I nod, but a streak of defiance ignites inside me.

I know something she doesn't.

Love doesn't need wings to find its way back.

12

JUMP START

Imay never be clean again.

It doesn't matter how many showers I take. How many rounds of lather, rinse, repeat I do. How many fancy, scalp-cleansing, clarifying shampoos I buy. The smell of motor oil is part of me now. It lingers in every hair and clogs every pore on my body. I'm the greasiest creature this side of the border, and it's what I deserve.

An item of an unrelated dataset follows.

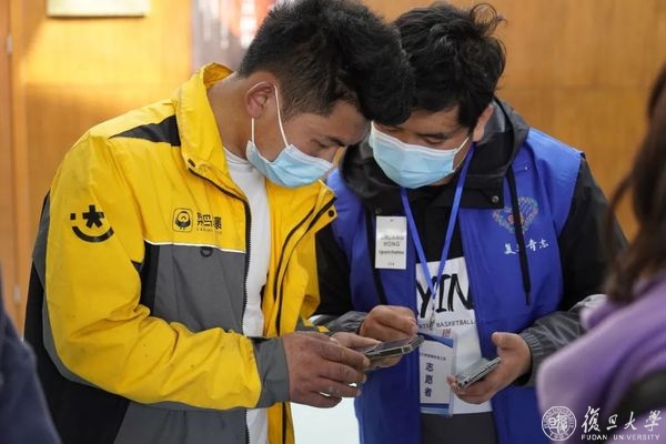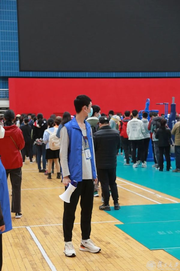 “请大家打开健康云二维码,按顺序排好队伍。” 准备就绪后,志愿者们到达岗位,准时展开服务。来自32个院系及医学院的 312 位志愿者参与了四大校区12个点位的志愿服务。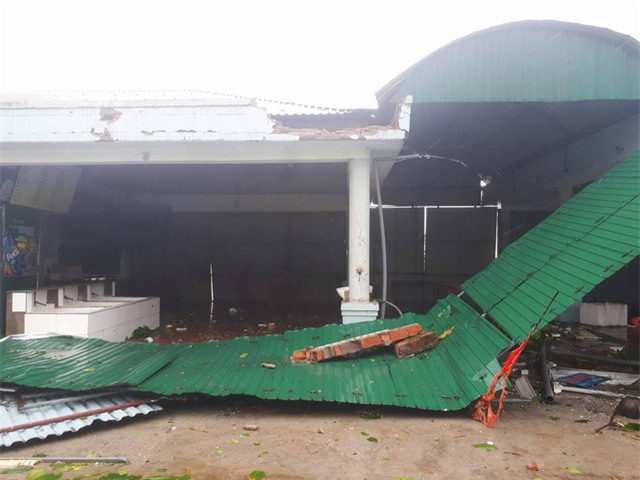 11h21', tại Hà Tĩnh, bão vừa cuốn phăng một ki ốt tại thị trấn Thiên Cầm. "Lâu lắm rồi mới thấy cơn bão mạnh như thế này" , đó là lời anh Tuấn, 45 năm sống ở mảnh đất Thiên Cầm này.

For the last six weeks, I have worked my fingers to the bone, doing all the shitty jobs no one else wants to touch, and I've done them with gusto. I've crawled under pickups with shit-caked mudflaps to drain oil pans that haven't been changed in years—the thick, black sludge coating my arms up to the elbows. I've scraped undercarriages caked with road salt and rust until my knuckles bled. I've spent hours flat on my back on a creeper, wrestling with seized bolts on exhaust systems, breathing in rust particles and feeling the heat from still-warm catalytic converters inches from my face.

But every filthy exhaust, every disgusting transmission fluid change, every corroded battery brings me closer to redemption.

My sisters have been sympathetic, but I know they're glad to leave all the worst jobs to me. Each night they party, hunt, or socialize together, and I spend my precious few hours free from sunlight trawling highways, searching for stranded passengers.

Mother has barely said a word to me since that night she clipped my wings, and whilst my sisters have mostly been polite, I can detect the unmistakable scent of betrayal beneath the niceties. I suppose I could leave, but where would I go? Who would have me? This sisterhood is all I've ever wanted, and if I need to eat shit for a hundred years to get it back, I'll do it.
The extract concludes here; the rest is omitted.